Moving to New York City in 1924 with $500 in her pocket, she opened a jewelry boutique in 1926 in the old McAlpin Hotel, and a second outlet within the year at West 57th Street. Frank Hess joined her business the same year. Despite some controversy concerning the extent to which the jewelry designs are Haskell's or Hess's (Ellman quotes Haskell's nephew's claim that she designed a great deal; Pamfiloff and others give the lion's share of credit to Hess), the two worked together until Miriam left the company; Hess continued to design for many years afterwards. In the 1930s, the company relocated to 392 Fifth Avenue; their affordable art glass, strass, and gold-plate parures were popular throughout the Great Depression, and the company went on to open boutiques at Saks Fifth Avenue and Burdine's, as well as stores in Miami and London. The Saks shop also offered pieces by Chanel.

===Most notable clients and collectibility of her work===

Miriam Haskell jewelry was worn for publicity shots, films, and personal use by movie stars Joan Crawford and Lucille Ball, as well as by Gloria Vanderbilt and the Duchess of Windsor. Crawford owned a set of almost every Haskell ever produced, from the 1920s through the 1960s.

Watercolors used for advertising, by Larry Austin and others, showing models wearing large Haskell pieces are also collected and a Florida dealer found many in a set of steamer trunks around 1978; Haskell's family sold her archives and samples to defray the costs of her nursing home.

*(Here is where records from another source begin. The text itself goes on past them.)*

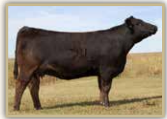
Mat. Grandam / LC Black 59T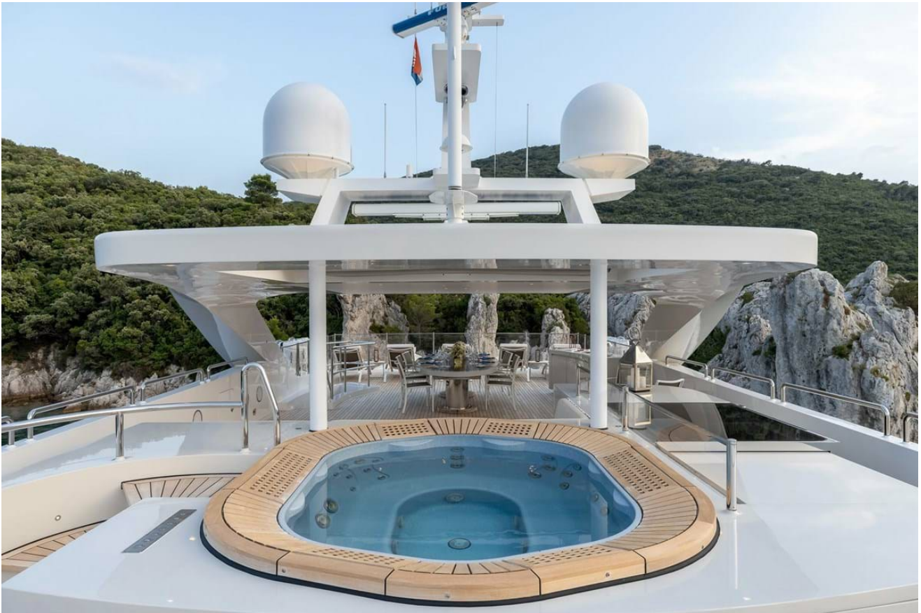
Sun deck jacuzzi and dining area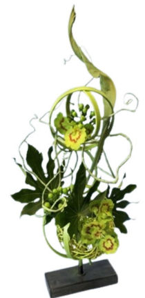
Fatsia, Pelargonium, dried & painted Strelitzia — Barbara Weiler Design

I have hundreds of design pictures categorized by type on Pinterest including a board titled Leaf Manipulation. Log onto Pinterest and search for Barbara Weiler to view them. Experiment with the plants in your garden and see what you can create!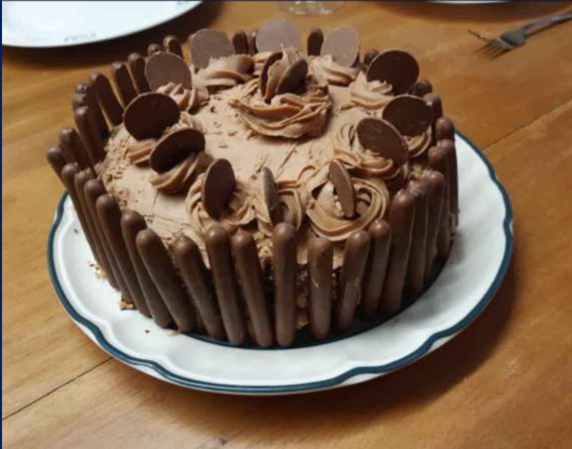
Lauren - Chocolate cake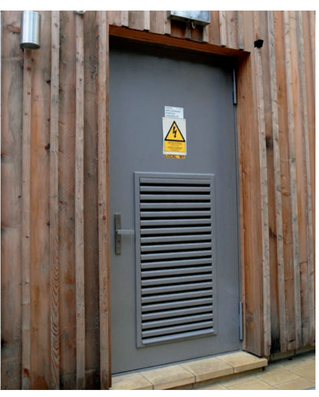
Exterior door type TT1.1, with louvre, painted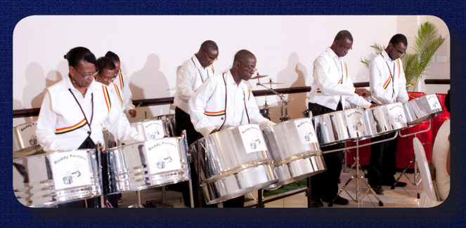
The Ready Panners provided entertainment well-appreciated by the audience.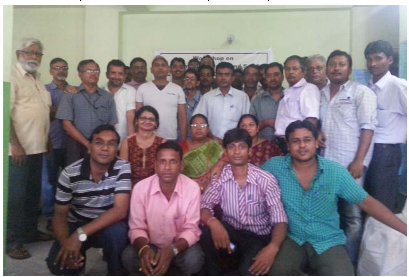
Participants in the Workshop

The training ended with a vow by all present that they will help in improving the health and safety of the workers in their respective workplaces.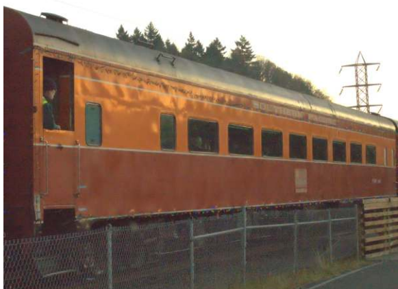
Car No. 6800 at Holiday Express

A group of folks busily replaced the seat bottom foam on the Chapter's No. 6800 coach seats in advance of its use for Portland Train Day.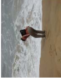
Ouidah May 2010 (39)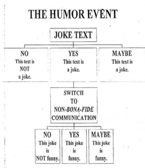
Fig. 3 Audience based theory where humor identification, comprehension and appreciation take place in the humor event [77]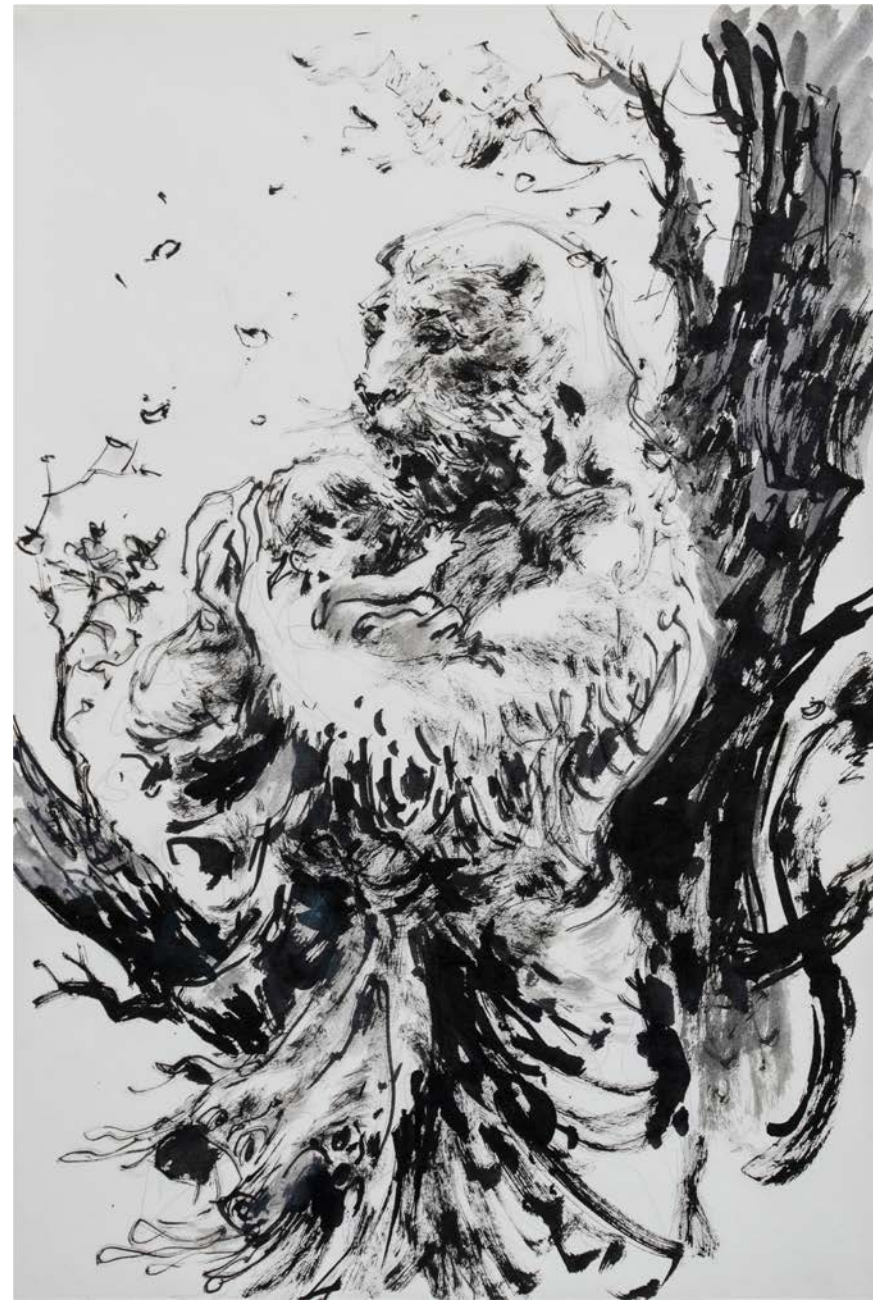
2329 Untitled , 2022 Ink on paper, 11 x 16 inch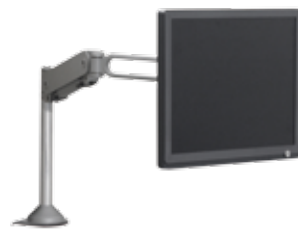
LCD Monitor Arm/Worksurface Mounted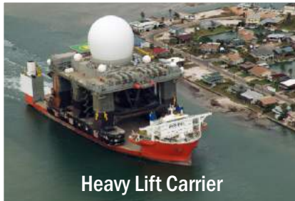
Heavy Lift Carrier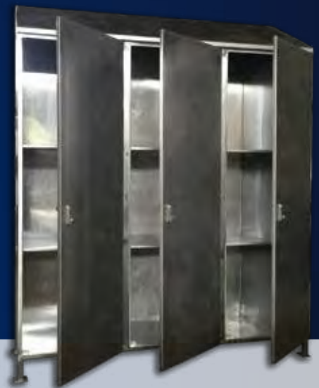
Coal Transfer Terminal Customer 2400x3000x600mm Slope Roof Three Door Cabinet, 3 point Locking, Pad-lockable Swing Handle

Her vintage pieces can command high prices from collectors. However, her jewelry was seldom signed before 1950, and it was her brother Joseph Haskell who introduced the first regularly signed Miriam Haskell jewelry. For a very short time during the 1940s, a shop in New England did request all pieces they received be signed by Miriam - this signature being a horseshoe-shaped plaque with Miriam Haskell embossed on it. Pieces with this signature are rare.

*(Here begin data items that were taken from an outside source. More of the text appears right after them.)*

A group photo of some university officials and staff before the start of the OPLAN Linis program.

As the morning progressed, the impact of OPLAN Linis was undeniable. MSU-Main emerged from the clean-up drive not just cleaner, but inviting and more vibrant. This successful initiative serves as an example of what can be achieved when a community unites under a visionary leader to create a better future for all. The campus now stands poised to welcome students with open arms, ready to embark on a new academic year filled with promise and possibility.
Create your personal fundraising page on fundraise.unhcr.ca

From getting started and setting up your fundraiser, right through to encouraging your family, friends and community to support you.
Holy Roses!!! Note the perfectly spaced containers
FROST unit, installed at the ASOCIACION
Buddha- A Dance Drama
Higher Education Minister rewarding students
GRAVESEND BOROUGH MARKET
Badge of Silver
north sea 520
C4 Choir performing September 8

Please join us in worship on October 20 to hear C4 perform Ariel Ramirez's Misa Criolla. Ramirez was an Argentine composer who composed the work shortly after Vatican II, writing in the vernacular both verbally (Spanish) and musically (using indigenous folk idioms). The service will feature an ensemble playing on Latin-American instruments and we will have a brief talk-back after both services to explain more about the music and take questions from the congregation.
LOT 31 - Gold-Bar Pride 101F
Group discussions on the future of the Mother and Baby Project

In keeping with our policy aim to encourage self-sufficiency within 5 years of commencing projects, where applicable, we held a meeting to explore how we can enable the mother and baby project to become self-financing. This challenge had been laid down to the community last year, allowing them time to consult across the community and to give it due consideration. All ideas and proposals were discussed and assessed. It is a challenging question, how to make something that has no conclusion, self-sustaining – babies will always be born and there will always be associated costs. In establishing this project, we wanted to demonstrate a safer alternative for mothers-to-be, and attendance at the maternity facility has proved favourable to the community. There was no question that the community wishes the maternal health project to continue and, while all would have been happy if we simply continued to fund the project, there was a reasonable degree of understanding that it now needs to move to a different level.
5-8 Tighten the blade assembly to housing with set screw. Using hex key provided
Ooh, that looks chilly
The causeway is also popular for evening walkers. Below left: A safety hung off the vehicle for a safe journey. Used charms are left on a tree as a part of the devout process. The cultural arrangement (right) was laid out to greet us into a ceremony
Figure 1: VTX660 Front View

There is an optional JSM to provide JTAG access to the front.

===Wealthiest patrons and community work===
Haskell's clients included Florenz Ziegfeld, who decorated the chorines of his Follies with her designs; Bernard Gimbel of the department store chain; and John D. Hertz Jr., scion of the car-rental company. With Hess, she traveled in search of materials to Paris, Gablonz, Venice, and Wattens, home of Daniel Swarovski's crystal factory. She built a mansion that she called Sainte Claire Cottage on the Hudson River near Ossining. When the Ohio flooded in 1937, Haskell sent boxcars full of relief materials to New Albany, and traveled home to assist during the disaster. In World War II, she gave generously to the war effort, and asked Hess to create new patriotic metalfree jewelry designs, using natural materials and plastics.

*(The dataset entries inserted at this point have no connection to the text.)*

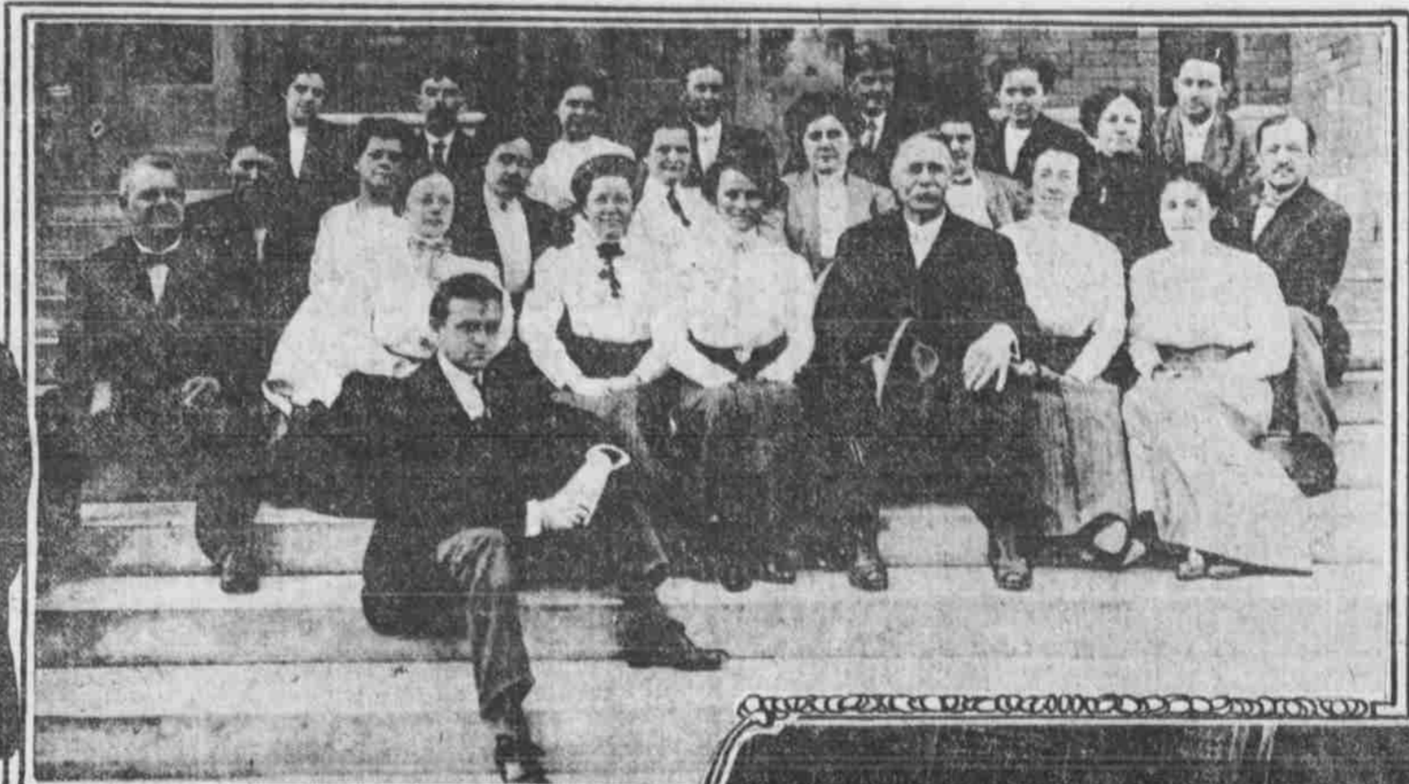
SUPI. BOOTH AND STAFF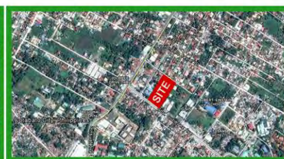
CityMall - Cotabato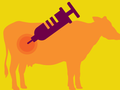
Vaccination (Neethling-like strain)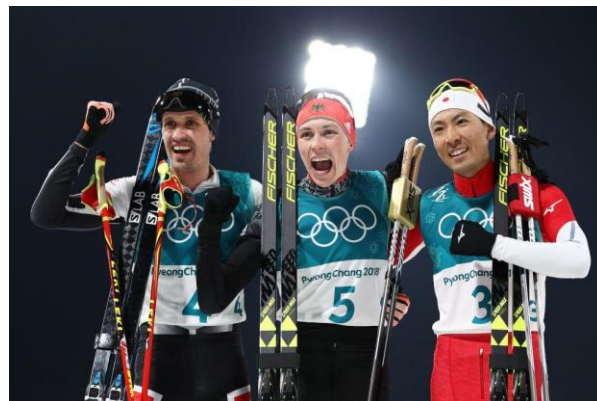
Eric Frenzel (5) ripete in fotocopia la vittoria di Sochi.

1. Eric Frenzel GER 24'51"4 (Salto [5.] 121,7; 10 km [6.] 24'15"4) 2. Akito Watabe JPN +4"8 (Salto [3.] 123,7; 10 km [9.] 24'28"2) 3. Lukas Klapfer AUT +18"1 (Salto [4.] 122,6; 10 km [11.] 24'37"5)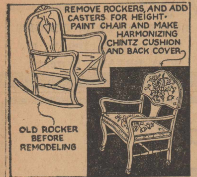
After the rockers have been removed, it may be made to change character to suit the material used for cushion and back covers.

IN TODAY'S cramped living quarters there is little space for a rocker that neither harmonizes with antiques nor modern furniture. Yet, with the slight alterations shown here, such a chair may be made to seem at home with either type of furniture.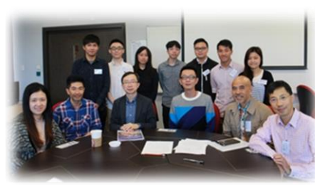
Group Photo of mentors and mentees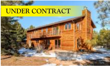
3008 S. Lakeridge Trail North Boulder/Lake of the Pines Offered at $897,000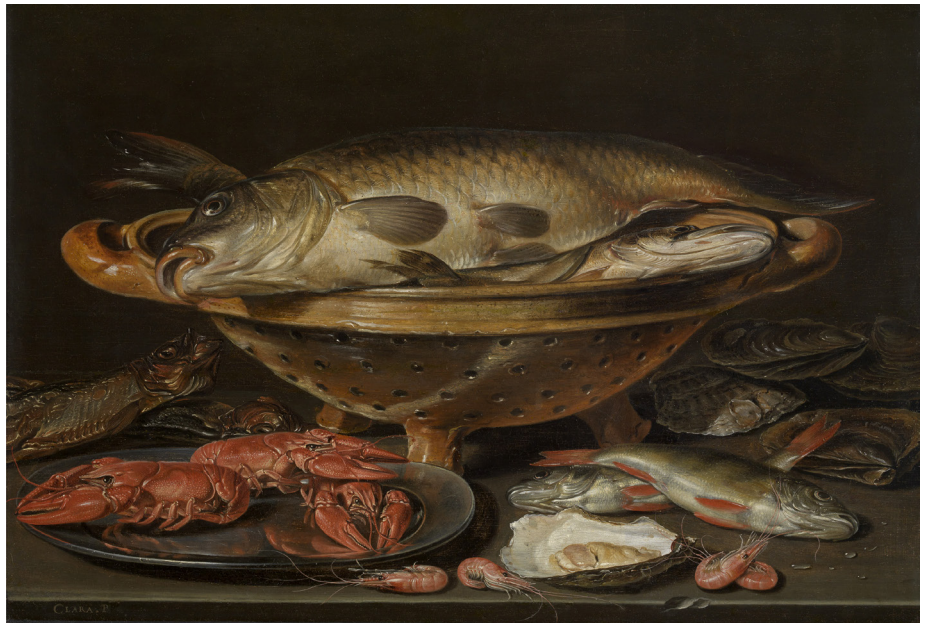
Clara Peeters, Still Life with Fish , Koninklijk Museum voor Schone Kunsten, Antwerp.

The lecture is in Dutch, max. 55 people. Entrance is free (museum ticket required)

===Declining health, and legacy===
The horror of World War II affected her health and emotional stability; in her fifties, she became ill, despite an adherence to health food. In 1950, she lost control of her company to her brothers. Living in an apartment on Central Park South with her widowed mother through the next decades, she became increasingly erratic in her behavior. In 1977, she moved to Cincinnati, under the care of her nephew Malcolm Dubin, and died in 1981. It was a sad ending for an exceptional life, but, as Pamfiloff writes, "Obviously, the legacy of her dream has filtered on down through the decades. It was a man's world. Designers were men. The owners of companies were men. The staff was men. The salesmen were men. It was all men. And then you had Coco Chanel, who just jumped right out there, and a couple of other women who carved out their own niche in the world. Haskell did that, too."

==Books==
- Deanna Farnetti Cera, The Jewels of Miriam Haskell (Milan: Idea Books, 1997).
- Barbara Ellman, "The World of Fashion Jewelry" (Highland Park, IL: Aunt Louise Imports, 1986).
- Cathy Gordon and Sheila Pamfiloff, Miriam Haskell Jewelry (Atglen, PA: Schiffer, 2004).